The reason we use a strict comparison is critical: equality with half does not satisfy the problem condition.
Why it works
At any point during processing, the frequency map exactly reflects the number of occurrences seen so far for each color. The color with maximum frequency at the end is therefore the global maximizer over the entire dataset. Since the condition for correctness depends only on whether a single value exceeds n/2, identifying the maximum frequency is sufficient to decide the answer. No other structural property of the sequence matters.
Python Solution
import sys
input = sys.stdin.readline
def solve():
n = int(input().strip())
freq = {}
best_color = ""
best_count = 0
for _ in range(n):
c = input().strip()
freq[c] = freq.get(c, 0) + 1
if freq[c] > best_count:
best_count = freq[c]
best_color = c
if best_count > n // 2:
print(best_color)
else:
print("uh-oh")
if __name__ == "__main__":
solve()
The solution maintains a dictionary freq to count occurrences. The variable best_count tracks the largest frequency seen so far, and best_color remembers which color achieved it. This avoids a second pass over the dictionary.

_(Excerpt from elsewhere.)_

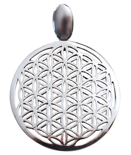 Anhänger Blume des Lebens, aus Messing versilbert, gross D 3,6 cm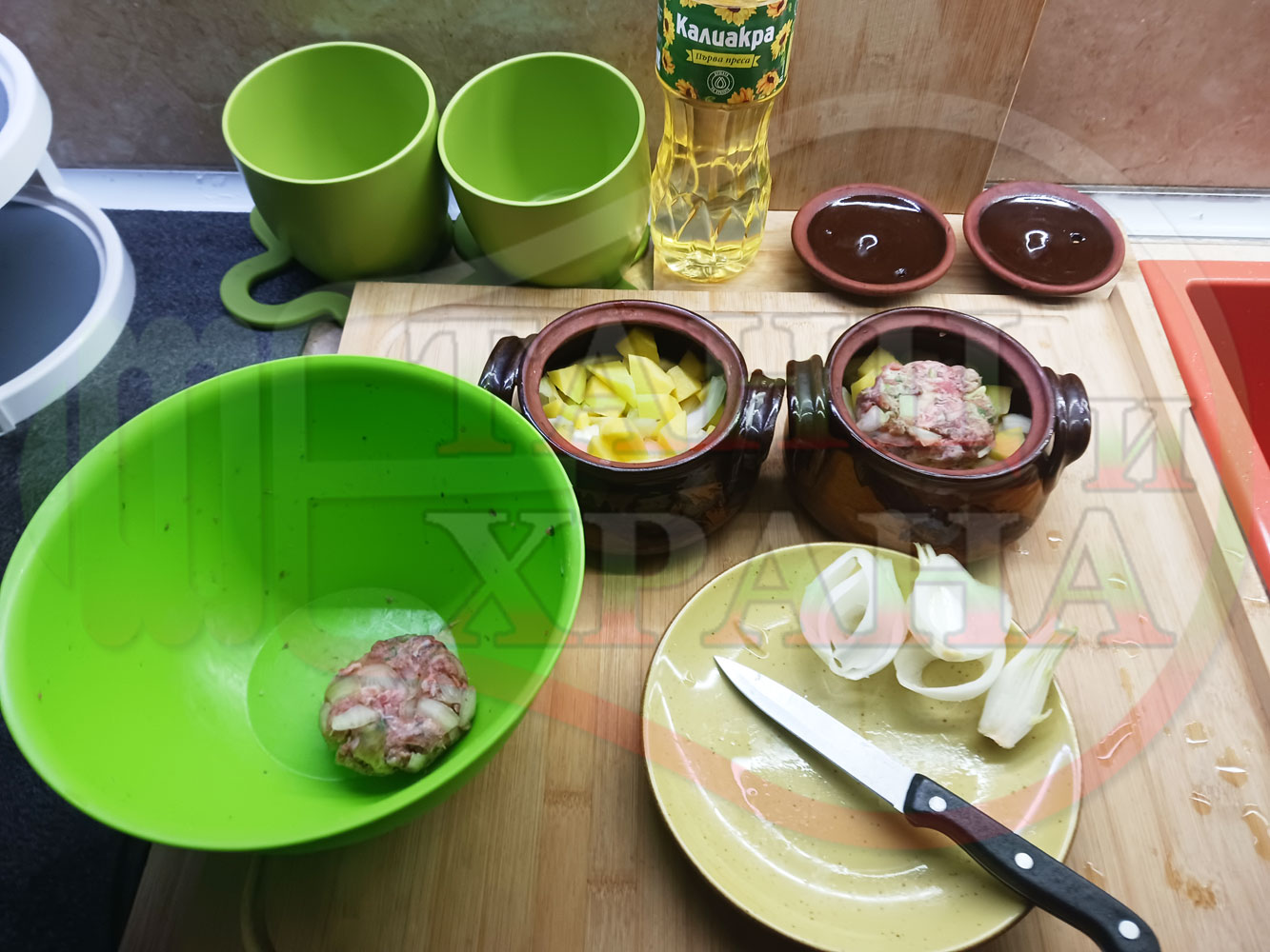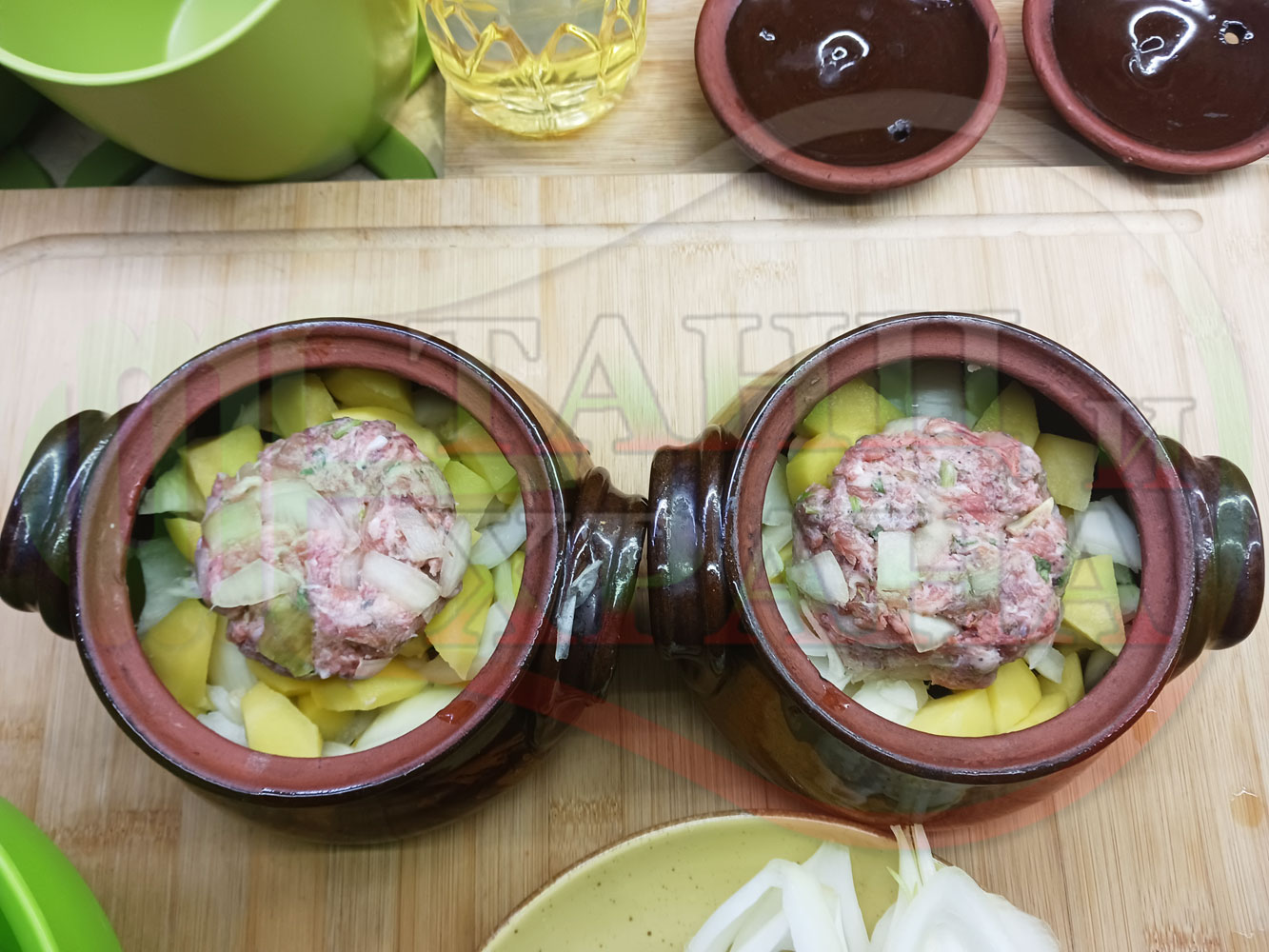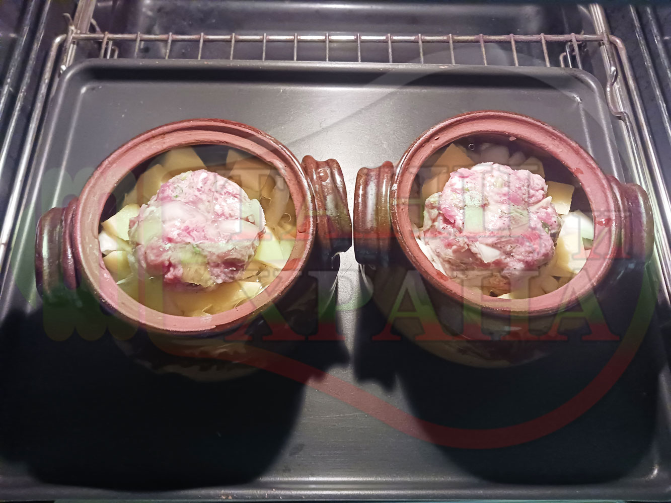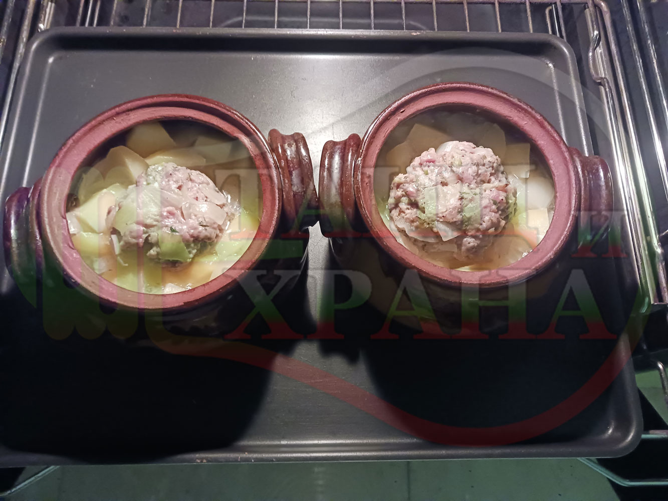 ВНИМАНИЕ: Фурните са различни и съответно времето за сваряване и леко запичане е ориентировъчно. Наблюдавайте процеса на запичане и при необходимост, открехнете капачетата на гювечетата или ги отстранете от фурната. Разбърквайте от време на време картофите и лука и при желание обърнете кюфтетата поне 1 път за да се запекат равномерно от 2-те страни (обърнете ги, в случай че желаете да са по-запечени).

A common mistake is using >= n // 2 instead of > n // 2, which incorrectly accepts colors that appear exactly half the time. Another potential pitfall is forgetting to strip newline characters when reading strings, which would cause identical colors to be treated as different keys.
Worked Examples
Example 1
Input:
5
red
green
red
red
blue
| Step | Color | freq(red) | freq(green) | freq(blue) | best_color | best_count |
|---|---|---|---|---|---|---|
| 1 | red | 1 | 0 | 0 | red | 1 |
| 2 | green | 1 | 1 | 0 | red | 1 |
| 3 | red | 2 | 1 | 0 | red | 2 |
| 4 | red | 3 | 1 | 0 | red | 3 |
| 5 | blue | 3 | 1 | 1 | red | 3 |
The final maximum frequency is 3, and n/2 is 2.5, so red is strictly more than half and is printed.
Example 2
Input:
3
red
blue
yellow
| Step | Color | freq(red) | freq(blue) | freq(yellow) | best_color | best_count |
|---|---|---|---|---|---|---|
| 1 | red | 1 | 0 | 0 | red | 1 |
| 2 | blue | 1 | 1 | 0 | red | 1 |
| 3 | yellow | 1 | 1 | 1 | red | 1 |
Here the maximum frequency is 1, while n/2 is 1.5, so no valid majority exists and the output is “uh-oh”.
Complexity Analysis
| Measure | Complexity | Explanation |
|---|---|---|
| Time | O(n) | Each balloon is processed once with O(1) average dictionary operations |
| Space | O(k) | k distinct colors stored in the hash map, worst case k = n |
The constraints allow up to 100000 balloons, so a linear scan with hashing is comfortably efficient. Memory usage is also safe since each string is short and only distinct colors are stored.
Test Cases
import sys, io
def run(inp: str) -> str:
sys.stdin = io.StringIO(inp)
from contextlib import redirect_stdout
out = io.StringIO()
with redirect_stdout(out):
solve()
return out.getvalue().strip()
# sample 1
assert run("""5
red
green
red
red
blue
""") == "red"
# sample 2
assert run("""3
red
blue
yellow
""") == "uh-oh"
# all same
assert run("""4
a
a
a
a
""") == "a"
# exactly half (invalid)
assert run("""4
a
a
b
b
""") == "uh-oh"
# single element
assert run("""1
abc
""") == "abc"
| Test input | Expected output | What it validates |
|---|---|---|
| all same | a | full dominance case |
| split half | uh-oh | strict majority condition |
| single element | abc | minimal boundary case |
Edge Cases
One edge case is when all colors are distinct. The frequency map still records each color once, but no value exceeds n/2. For input:
4
a
b
c
d
the algorithm tracks each frequency as 1, and since 1 is not greater than 2, it correctly outputs “uh-oh”.
Another case is when the majority exists but appears in non-consecutive positions. For example:
7
x
y
x
z
x
x
y
The frequency of x becomes 4, exceeding 7/2 = 3.5. Even though occurrences are scattered, the map aggregates correctly, and the algorithm outputs x.